Камлаев фыркнул, поперхнулся.

– А ты, Иван, чем занимаешься? – И бестия впилась в Ивана с такой несгибаемой уверенностью в том, что он, Иван, не может заниматься чем-то пустым и скучно-заурядным, с таким уже как бы готовым серьезным уважением, что у Ивана в горле кляпом встала немота: уверен был, что после разоблачения Эдисона никто о нем ни разу больше и не вспомнит… о нем и раньше-то не очень вспоминали, а теперь… теперь и вовсе примагнититься должны были навечно к великому дядьке. – По-моему, ты тоже музыкант.

– Вот тут промашка, детка, – сказал Камлаев. – Совсем не угадала. Иван хотел бы стать врачом. Причем нейрохирургом, ведь ковыряться в человеческих мозгах гораздо интереснее, чем в коленных суставах или там мочевых пузырях. Ну нормальная такая мечта для еврейского мальчика.

– Так ты еврей, Иван? Еврей Иван, – расхохоталась Джемма.

– Какой аспект еврейства тебя интересует, Джемма? – Опять Камлаев начал свою песню. – Обрезан ли чувак и что это дает тебе при близком знакомстве?

– Нет, погодите-погодите, – воспротивилась бестия. – Мне вот что интересно: ты окончательно уже определился… ну то есть ты не боишься, что тебе придется резать трупы?

– Вопрос неправильный, – сказал Камлаев. – Иван не то что не боится – он уже… он не какой-то там сопляк-романтик. Он с ранних лет поставил перед собой конкретную задачу и начал с самого противного, как раз с того, что кажется тебе невыносимым, то есть с морга. Его мать, тоже врач, устроила его работать помощником прозектора в одной из мюнхенских клиник, – Камлаева несло, – и он вскрывал брюшины, вот этими руками вынимал из трупов внутренности, потом запихивал назад и зашивал. Он должен был проверить себя на прочность, детка, ты права.

– Охренеть!

– Я тоже так думаю, – авторитетно подтвердил Эдисон.
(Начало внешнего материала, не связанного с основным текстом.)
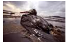
Volatile englué lors d'une marée noire

Le panier permet la récupération des flottants et le fond adsorbe les hydrocarbures. En effet tout comme sont les oiseaux premières victimes des marées noires, dont les ailes s'engluent de pétrole, les plumes sont constituées de kératine bêta et vont adsorber les hydrocarbures avec une cinétique remarquable.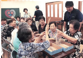
ふれあいいきいきサロン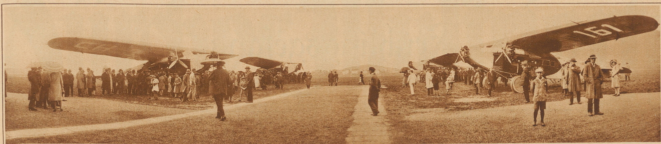
Flugzeugtaufe der Balair. Gleich vier neue dreimotorige Fokkerflugzeuge hat die um den schweizerischen Luftverkehr verdiente Balair letzten Samstag auf dem Basler Flugplatz aus der Taufe gehoben. «Jungfrau», «Piz Palü», «Monte Rosa» und «Mont Blanc» sind ihre Namen. Mögen sie in der Hand der bewährten Piloten allzeit sicher und heil von ihren Fahrten heimkehren. Das Bild zeigt die vier Maschinen vor Beginn des Taufaktes

– А в чем ты видишь смысл, Иван… ну, смысл работы врачом?

Что-то тупое, крепкое довольно болезненно ткнулось Ивану в колено: это Камлаев двинул его ногой под столом – не тормози, чувак, твой выход, я задолбался распинаться за тебя, дай мне передохнуть, не то язык сейчас уже отвалится.
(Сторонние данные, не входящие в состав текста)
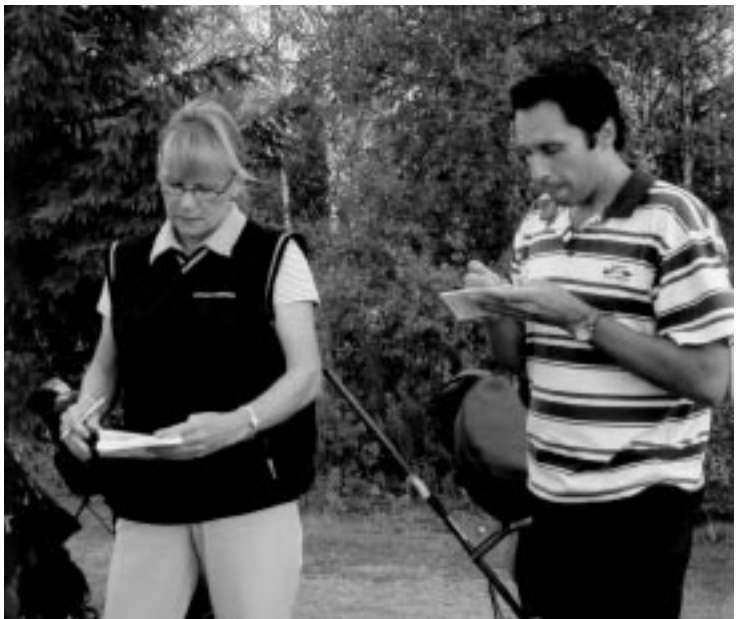
Tulosten merkitseminen on tarkkaa hommaa...

– Ну, тут, – он начал жалко, жалобно гнусавить, – по-моему, все довольно просто. Смысл в том, чтобы внести свой вклад в победу над смертью. Да нет, не в том смысле, что все мы, здесь сидящие, когда-нибудь – того, и нужно сделать так, чтобы этого когда-нибудь не стало вообще… однажды повернуть биологическое время вспять и все такое прочее. Тут дело в другом… когда-то люди умирали от всего – от мочекаменной болезни, от оспы, от холеры, от самых примитивных инфекций, скажем, верхних дыхательных путей… вот тупо застудившись ночью в поле или выпив стакан холодного кваса. Вот просто нечаянно порезавшись бритвой. Цари и императоры были гораздо беззащитнее перед лицом таких болезней, чем сегодня – простой рабочий или фермер, живущий в глуши. Вот от чего, к примеру, умер Петр Первый?.. – Ивану больше не было до глухоты, до зуда в переносице неловко, до жаркого прилива крови к пунцовеющим ушам; куда-то делись неуклюжесть, робость, всегдашнее его косноязычие.
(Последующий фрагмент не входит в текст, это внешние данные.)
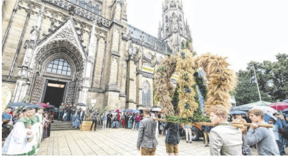
Das Erntedankfest 2024 findet am 22. September ab 10 Uhr im Linzer Mariendom statt.

Die Messe wird musikalisch von einem Chor der Bäuerinnen des Bezirkes Linz-Land umrahmt. Es werden fünf Erntekronen gesegnet, je eine pro Viertel und eine aus der Dompfarre, die den besonderen Einzug anführt. Im Anschluss werden von 11 bis 15 Uhr, im Rahmen eines Schmankerlmarktes, Produkte aus ganz Oberösterreich zum Verkosten, Genießen und Einkaufen angeboten. Beim Stand der Seminarbäuerinnen kann man Obst und Gemüse mit allen Sinnen erle-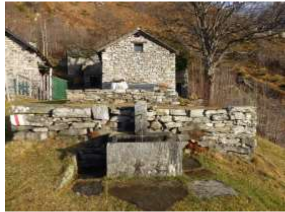
Le 2 fontane a Corte Nuovo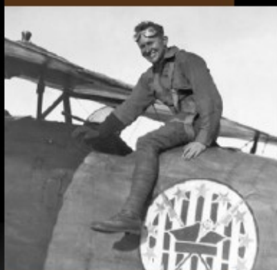
Kapitan Merian Caldwell Cooper, jeden z dowódców 7 Eskadry Myśliwskiej im. Tadeusza Kościuszki, kawaler orderu Virtuti Militari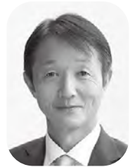
すがわら 菅原 達 議員 (公明党議員会)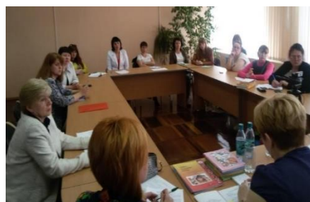
Межрегиональный круглый стол «Семейные традиции развития читательской культуры»

– По-моему, от гонореи, нет? – сказал Камлаев.

– Вот именно, – мгновенно подхватил в запале Иван. – Допустим, что от гонореи, от которой сегодня может вылечить любой обыкновенный уролог или венеролог, а там были лучшие лекари, царские, со всех концов света, и они ничего не могли. Наука, медицина огромными шагами движется вперед, и что еще вчера казалось человечеству немыслимым, теперь обычная клиническая практика, унылые будни десятков, сотен тысяч обыкновенных участковых терапевтов. Хирург Пирогов распиливает сотни трупов, чтобы создать топографическую анатомию, теперь мы расшифровываем коды ДНК, определяем пол ребенка еще в утробе матери, и это при том, что какое-то столетие назад каждый пятый ребенок в Европе умирал, не дожив до двенадцати лет… короче, медицина многого достигла, но в том и дело, что все эти достижения в масштабе целого – всего лишь жалкая, миллиметровая дистанция, которую сумела проползти амеба медицинского прогресса… короче, основная работа еще только предстоит… сложнейшие болезни остаются неизученными, у нас нет инструментов, чтобы с ними справиться. А сумма наших знаний о мозговой активности по-прежнему сравнима с представлением ребенка о полете… ну типа он не знает, как и отчего летает самолет. Еще античные врачи умели здорово латать пробоины в человеческом черепе, но вот вмешаться в ход глубинных, центровых процессов и современные врачи не в состоянии зачастую, и человек поэтому теряет зрение, память, слух, дар речи и координацию движений, вообще не может двигаться и превращается в растение, не сознавая сам себя вот в этом промежутке бессмысленной, мучительной не-жизни, поэтому я полагаю, с этим нужно что-то делать. Неясно, сколько лет уйдет на это, пятнадцать, двадцать, сто, но каждый может сделать свой посильный вклад в то, чтобы человек страдал поменьше.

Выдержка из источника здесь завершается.